10 June 2010

Can DFID Leverage Reform in the Multilateral Aid World?

DFID, as part of its review of spending has launched a review of its multilateral aid spend.

Is the UK taxpayer getting value for money from 30 or so global organisations? Let's look at some of the potential criteria.

Transactions costs. Channeling money through multilateral aid agencies may reduce transactions costs for recipients and for bilateral donors. But on the ground, countries still have to deal with 30 or so bilateral donors and 30 or so multilaterals. In addition the UK taxpayer may simply be paying two sets of administrators--in the UK to get the money out and in Washington, Rome and New York to allocate the money.

Ownership. Can multilaterals support government systems better than direct budget support? I'm not sure. And I'm not even sure the best way to find out-who to ask? Civil society in the South? Recipient Governments? The new Aid Watchdog?

Impact. It is harder to demonstrate to donor citizens that their taxes are having a particular effect when resources are pooled in multilaterals. Interesting to note that the main point made by the International Development Select Committee when they reviewed the DFID-World Bank relationship in 2008 was that the World Bank needed to do better on making impact a central part of how it measured its effectiveness.

Credibility. This depends on governance and representation. While the heads of multilateral agencies bypass standard human resource best practice (job and person description, open competition, selected on merit by internals and externals) it is hard for these agencies to lecture on governance. On representation, change seems to be happening very slowly.

It seems to me that the multilateral agencies should prioritise their efforts on things that the bilaterals cannot do or at least cannot do as well. This means focusing more on:

* dealing with collective action failures around climate, trade and security--all the while making sure that they are fair and focus on poverty reduction
* setting norms for our collective visioning about the kind of word we want to live in
* setting standards that promote sustainable and equitable growth
* developing data sources and methods that allow us to measure and monitor the things we really care about
* being highly alert about and responsive to disasters

Perhaps the multilateral review can incentivise some movement along these lines.

There are lots of people out there who are much more knowledgeable than I am on these global public goods issues. I would love to hear from you.

2 comments:

JAB said...

Laurence,

Two points occur to me from your piece.

Transaction costs. DFID appears to believe that giving funds to multilaterals (and indeed as budget support) cuts transaction costs.

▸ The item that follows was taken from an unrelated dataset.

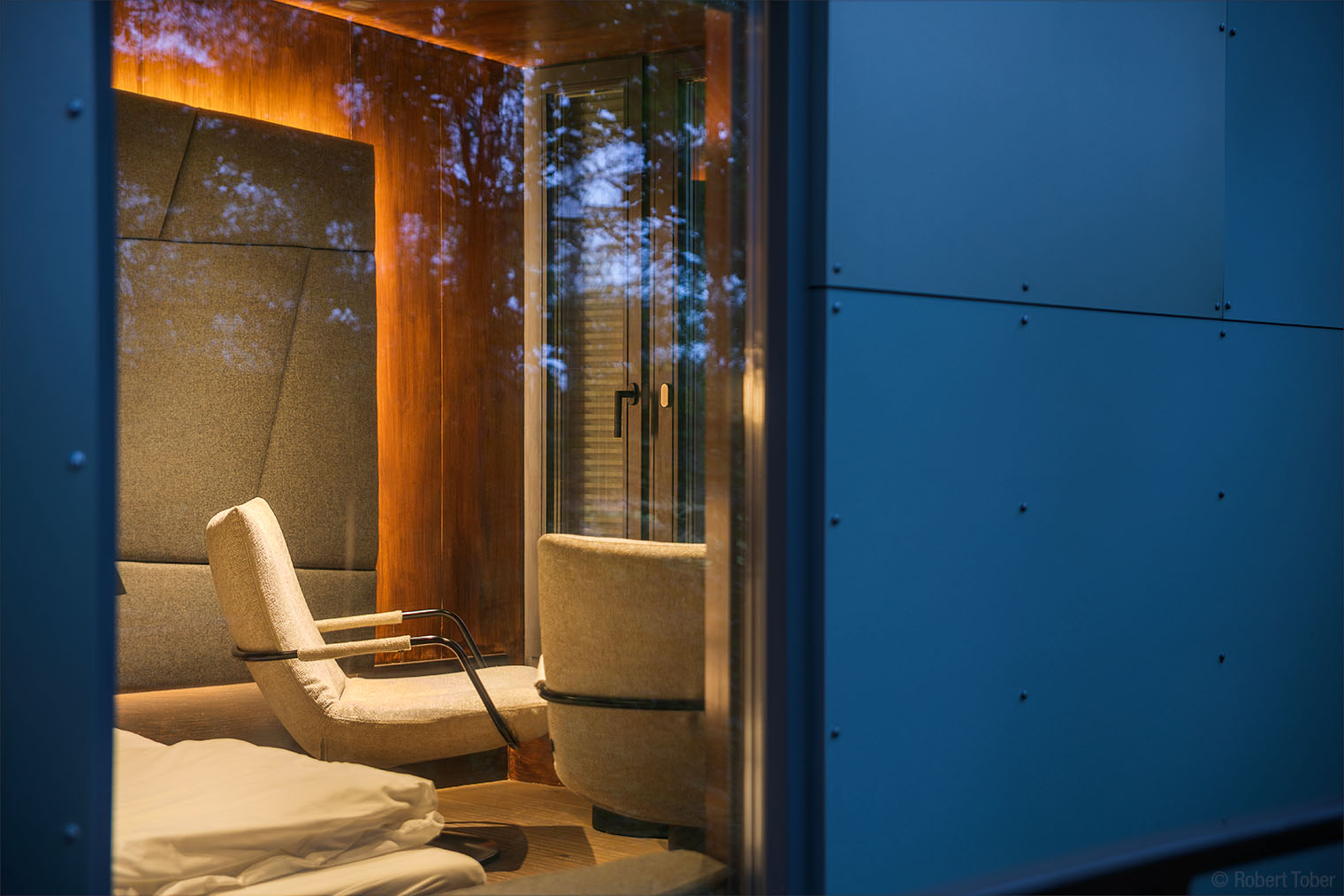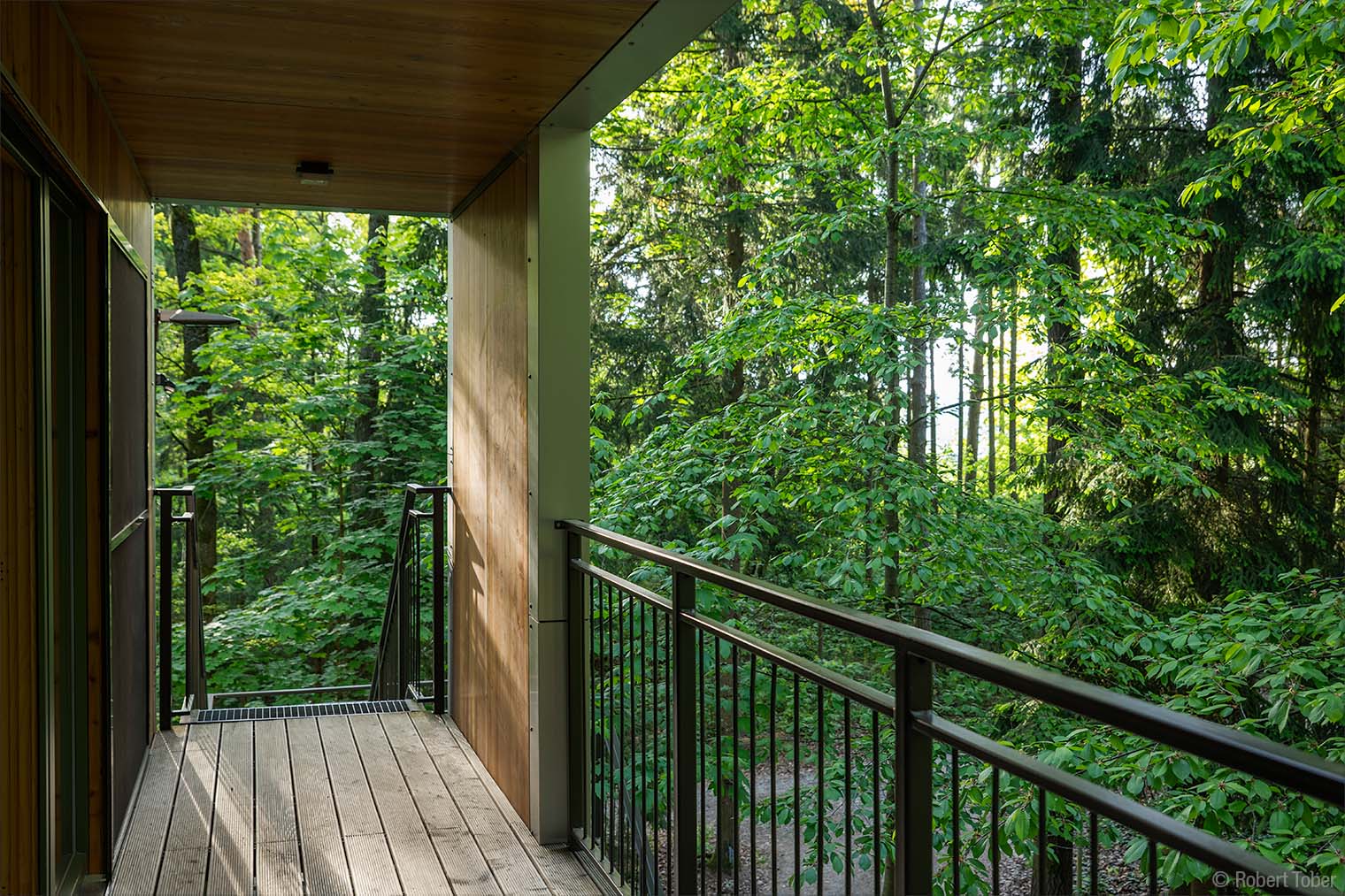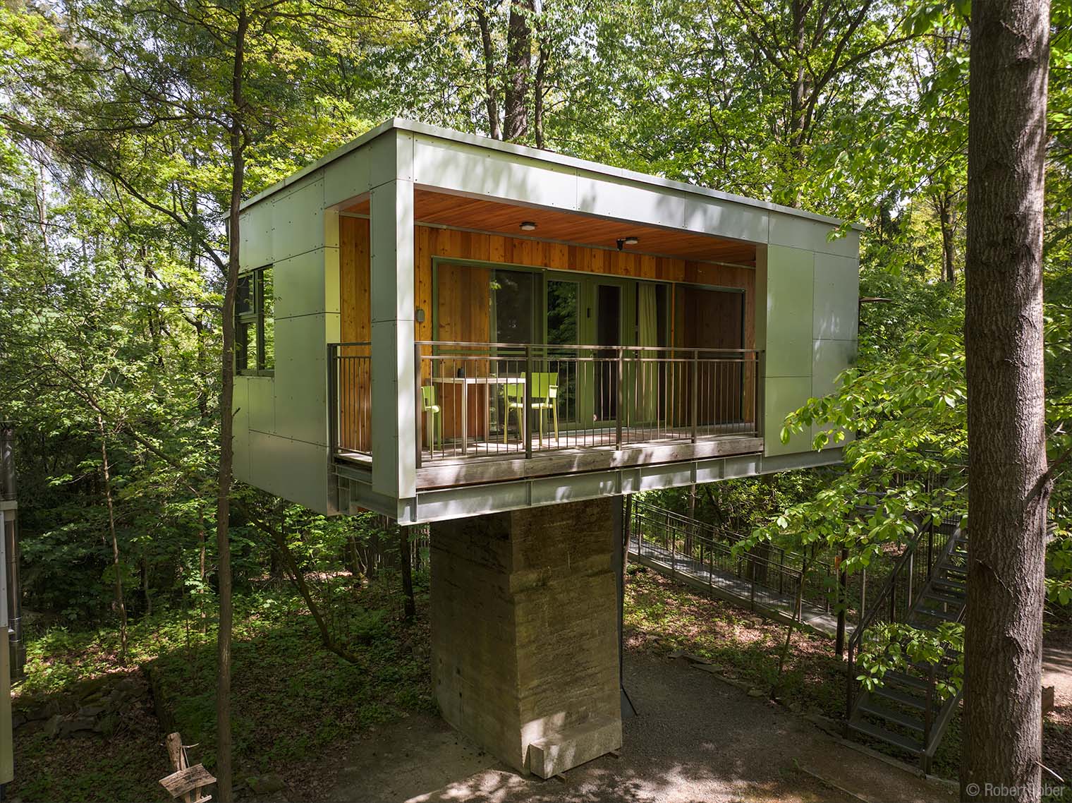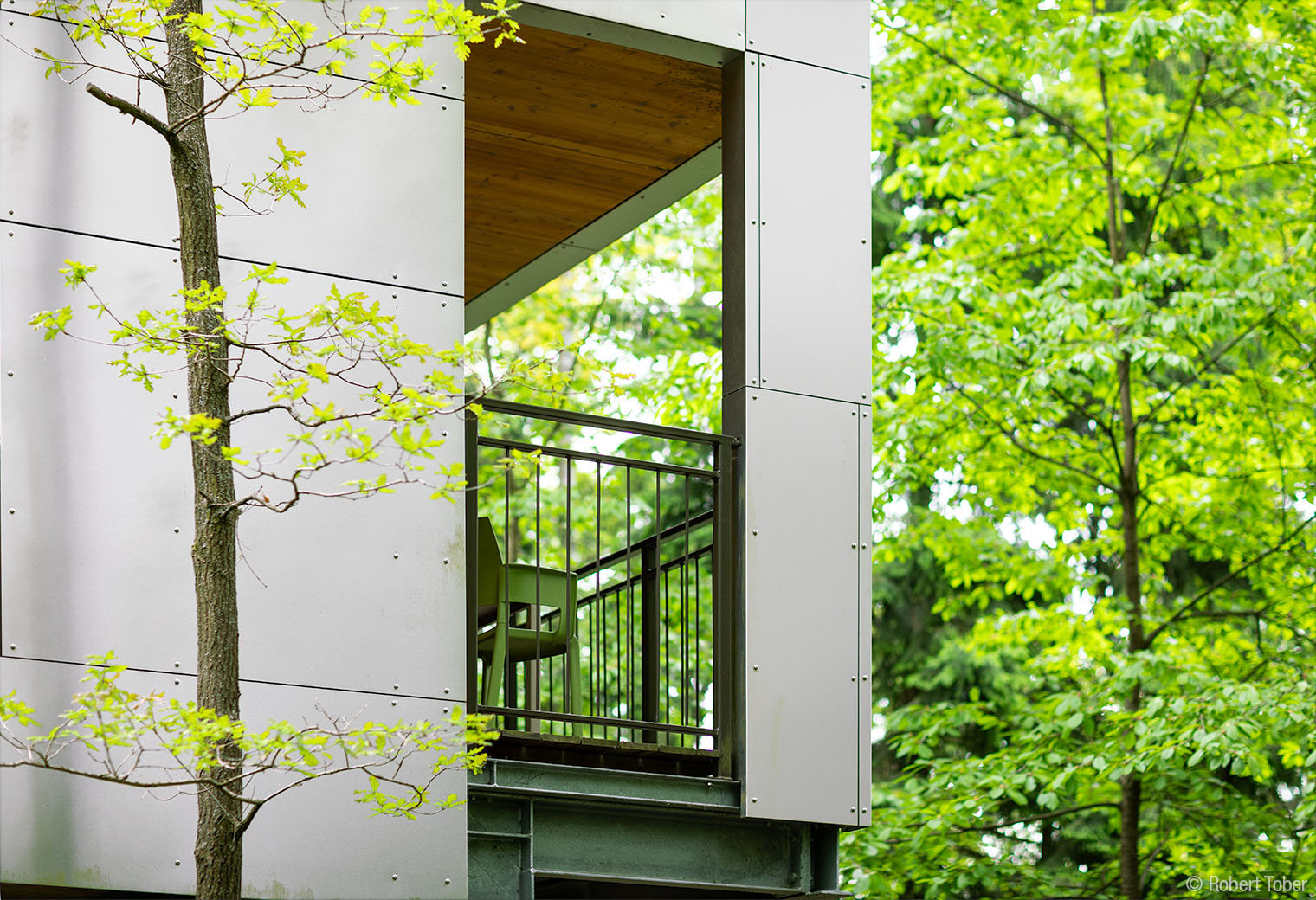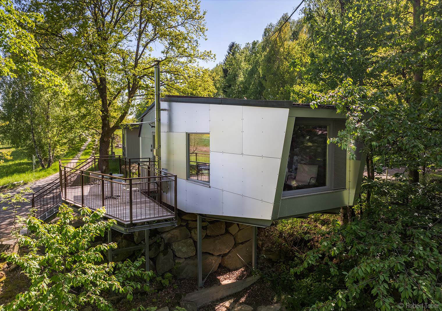 Klippenhaus · Die Holzkonstruktion aus Fichten-Fünfschichtplatten ist mit Aluminium-Verbundplatten verkleidet

But as you say, it is perhaps the case that all it really does is move transaction costs. (And in the cse of an HMG Department, it moves the transaction costs from staff to financial resources.) But DFID seems - occassionaly - to forget that monitoring effect also generates transaction costs. So advisory (and political) capacity is still required - just in a different form and at a different time.

Collective action. I think you may be right in the list of issues more suited to collective action. (Certainly on security/conflict which is my issue.) But I wonder if there isn't a link back to transaction costs here? Ideally HMG would decide what it wants and then identify the best way to get it. Sometimes (often?) this will be multilaterally or in some form of coalition; but sometimes it will be bilaterally. The problem is that DFID has increasingly few staff resources to devote to this kind of labour intensive (but relatively cheap) analysis and strategy making. And the FCO ought to help, but it too seems to be intent on withdrawing from the debate unless the issue poses a proximate security threat (to the UK).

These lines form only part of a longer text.